Checkout beginWebAuthnAuthentication(…)
#2 Assert on Key
This function handles the challenge response from the WebAuthn server
after the user successfully authenticated with their username
password.
During FIDO2 authentication, the user now needs to prove that they own the private key they registered by providing an assertion, which is retrieved from the YubiKey.

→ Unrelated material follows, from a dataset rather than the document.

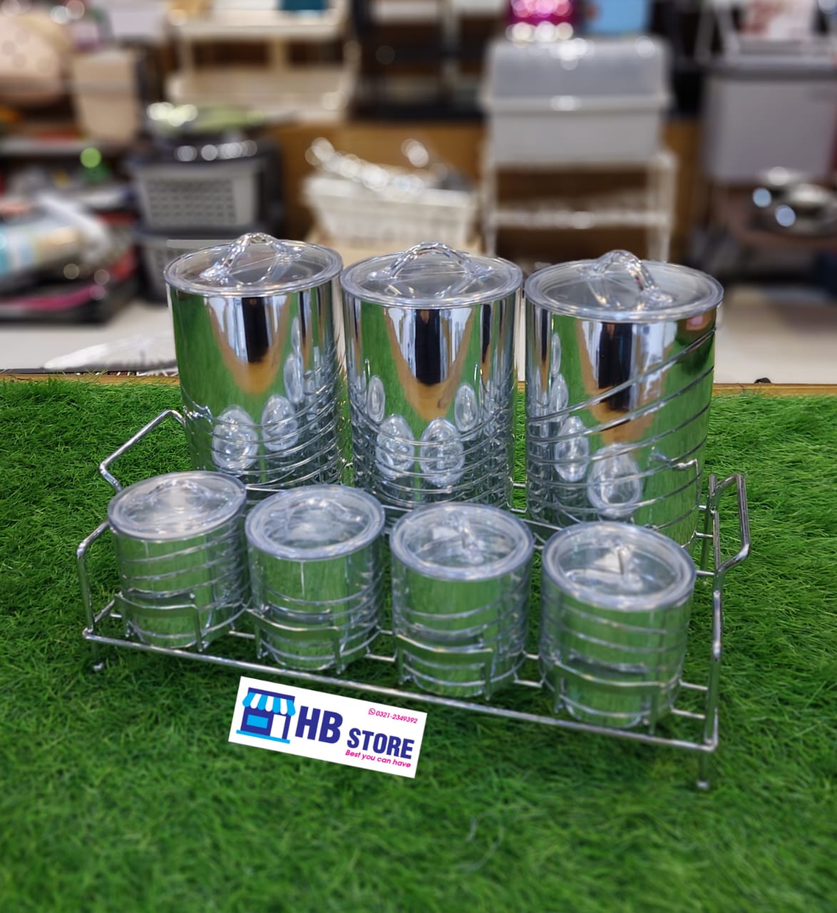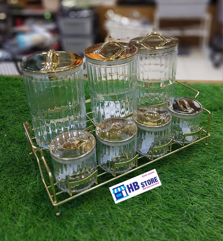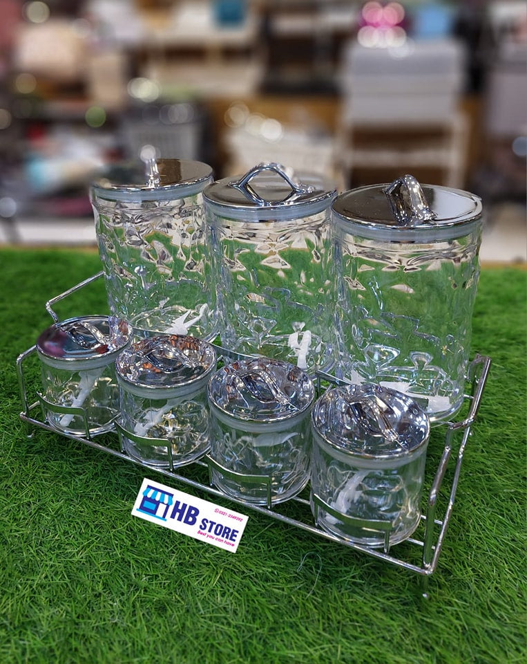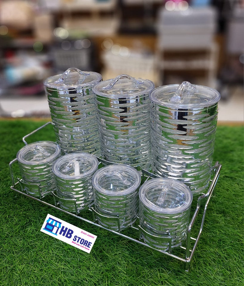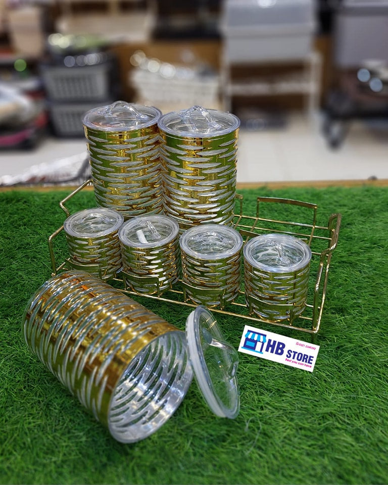 Homeket 7Pcs Acrylic Spice Box With Stainless Steel available in 4 different Design and 2 Colors which is Golden and Sliver

This function assertOnKey is responsible for getting the Assertion request BeginWebAuthnAuthenticationResponse (as a PublicKeyCredentialRequestOptions) provided by the WebAuthn server. The BeginWebAuthnAuthenticationResponse contains a [challenge], [allowedCredentials], and a [timeout].
The function then builds a getAssertionWithClientDataHash based on the BeginWebAuthnAuthenticationResponse and calls AssertOnKeyAuthenticationResponse to retrieve the credential.
Checkout assertOnKey(…)
#3 Finalize Authentication
This function finalizeWebAuthnAuthentication is the callback function based on the response from the YubiKey and passes those results to the WebAuthn server for validation.
Checkout finalizeWebAuthnAuthentication(…)
Once the server responds OK, we are now authenticated.
Final Thoughts
In addition to the registration and authentication functionality, the demo also provides examples for handling PIN verification when user verification is required during registration or authentication.
I hope this provides a good starting point for you to implement WebAuthn on iOS for multi-factor authentication.